Modifying Your Pistol's GripPart II
We discussed the general fit of the pistol grip to the hand in the last "tip", and now we need to look at the adjustments that should be made to the grip to bring the line of the sights on the gun into congruence with the line of the eye/target when in shooting position.
You often see the silly statement that the gun should be in a straight line with the bones of your arm, and also with your shooting eye. A second's thought and a quick look shows you that unless you are a contortionist, the gun will NOT be in a straight line with the bones of your arm if it comes anywhere near lining up with your shooting eye! the gun obviously sits in the hand at a small angle to the bones of the armand if "cross dominant" (right-handed and left eye dominant for example), a somewhat greater angle! This angle can be adjusted by making additions or cuts to the grip. To have it clear where to add or remove material from the grip to adjust alignment, cup your shooting hand slightly and think of the center of the hollow formed in that palm as the pivot point for right and left adjustments. This means that if the front sight points to the left when you are in shooting position, then for the gun to move to the right, there must be LESS wood at the front of that "pivot point". Most grips have a shallow depression at the side/front where the fleshy pads at the base of the fingers can nestle. If this groove is deepened (and at the same time dimensioned for YOUR hand), then the gun can pivot to the right. Now the same effect can be realized by ADDING material to the LEFT (if you are right handed) side of the grip, at the back, where the big fleshy pad at the bottom of the palm rests against the (hopefully) curved surface. This is the hypothenar muscle and where it fits against the grip is a primary index feature. When you fit the gun into the hand, you press that pad against the wood first, and then wrap the hand around the rest of the grip. So, adding material there - in BACK of the pivot point - will move the front sight to the right. Now, obviously just the reverse of the above - taking material away from the hypothenar contact "pocket" - or - adding material to the groove in the front side of the grip - will move the front of the gun to the LEFT.
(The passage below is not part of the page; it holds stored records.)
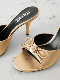 Inspired by all the romance of 'Opera' nights, Versace's mules have been crafted in Italy from gleaming gold leather. They're set on slender stiletto heels and crowned with the house's emblematic 'Medusa' hardware and dainty bows. Size & Fit - Fits true to size, take your normal size - Italian sizing Details & Care - Heel measures approximately 85mm/ 4 inches - Gold leather (Lamb) - Slip on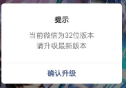 请问下打开游戏后提示这个,是因为32位版本的微信没法运行小游戏,还是因为小游戏本身没对32位微信做兼容导致的?有什么解决办法吗?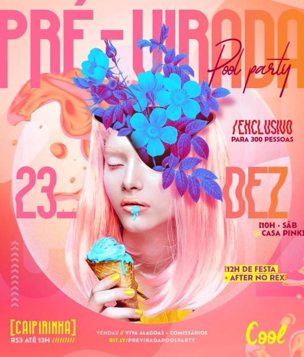 Se você, assim como a galera da COOL, já estão no clima festivo de fim de ano e contando os dias para a noite de réveillon, já pode ficar animado. A produtora, que este ano prepara seu primeiro réveillon, o Virada 2018, realiza neste sábado, 23, a 'Pré-virada', iniciando a comemoração em uma Pool Party, na Casa Pink, localizada no Barro Duro, das 10h às 22h, somente para as 300 primeiras pessoas que adquirirem o ingresso. E, para finalizar o dia, um after no Rex Jazz Bar, no Jaraguá, das 23h às 5h do dia seguinte.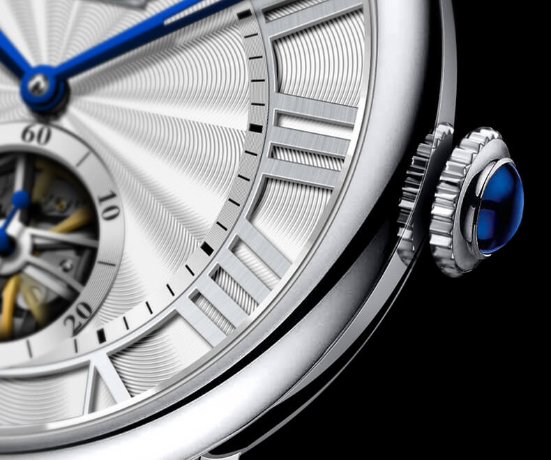 ➤ THIẾT KẾ TỐI GIẢN: Bộ kim xanh huyền bí làm điểm nhấn. Bên cạnh đó, mặt số, vân guilloché, ô lịch đều được sắp xếp hài hòa, tôn vinh tinh thần “Simple is the best”.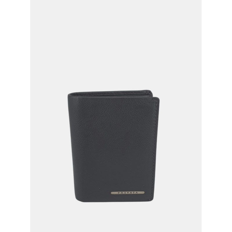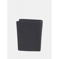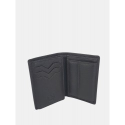 Cartera en piel de diseño vertical para hombre, detalles de la marca, en su interior compartimentos para llevar billetes más organizar tarjetas y documentación y un pequeño monedero  con cierre de solapa y broche de presión.
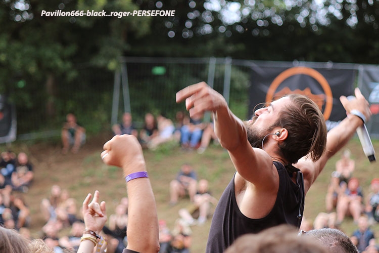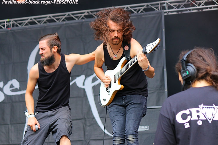 Grand groupe dans un petit pays, voici PERSEFONE de la principauté d’Andorre située entre la France et l’Espagne. Leur death/ prog va faire mouche avec la présence incroyable du chanteur Marc Martins, mais pas que. En effet que dire du travail précis des instrumentistes qui arrivent à faire passer leurs tricotages musicaux inspirés qui rallient sans problème les fans de death-mélodique tout court. Prestation mouvementée et haute en couleurs progressives, nous avons passé un excellent moment en compagnie de ces Andorrans, la classe tout simplement.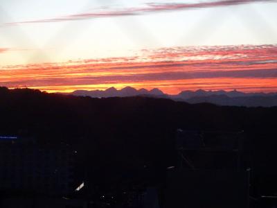 窓は6階の西向きですから、夕焼けの北アルプスが見渡せました。小諸の夜景もきれいでした。浅間に向いた部屋もあるそうです。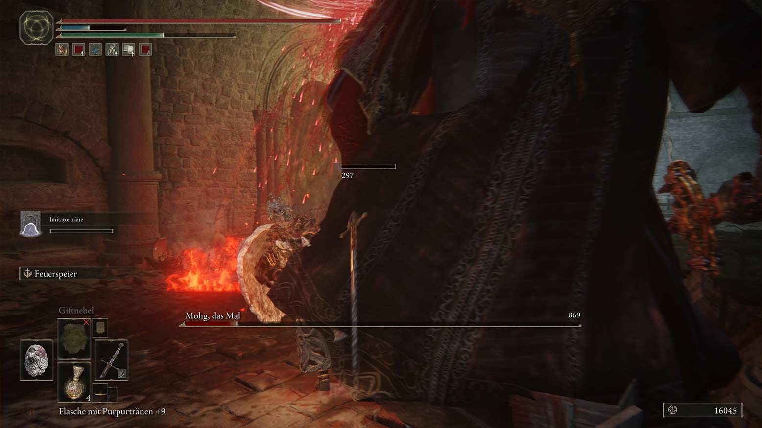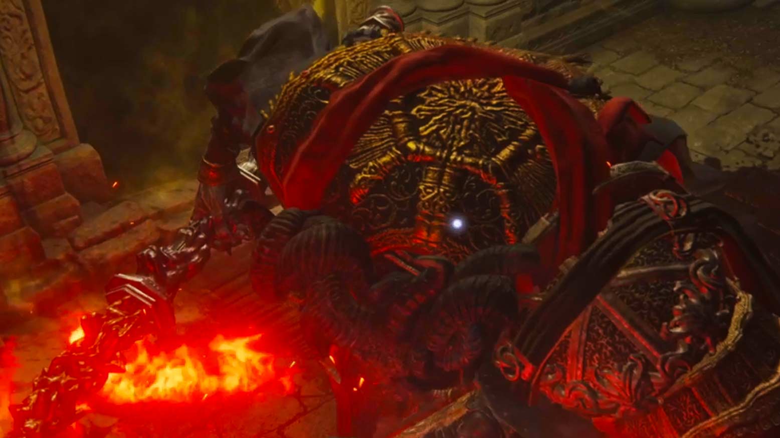 Mohg, das Mal nutzt seinen Dreizack und Feuer

The next thing to consider as you are working on the front groove is to more sharply define and perhaps add to the RIDGE that is formed in front of the groove. This ridge should go into the crease at the bottom of the fingers where they join the palm. It is your second index feature. As you wrap your hand around the grip after getting into the hypothenar pocket, you should feel the ridge slip into the crease. Building UP this ridge CAN move the front of the gun to the LEFT, of course. The total effect will be a very secure feel, and a grip that results in the sights being in near perfect alignment!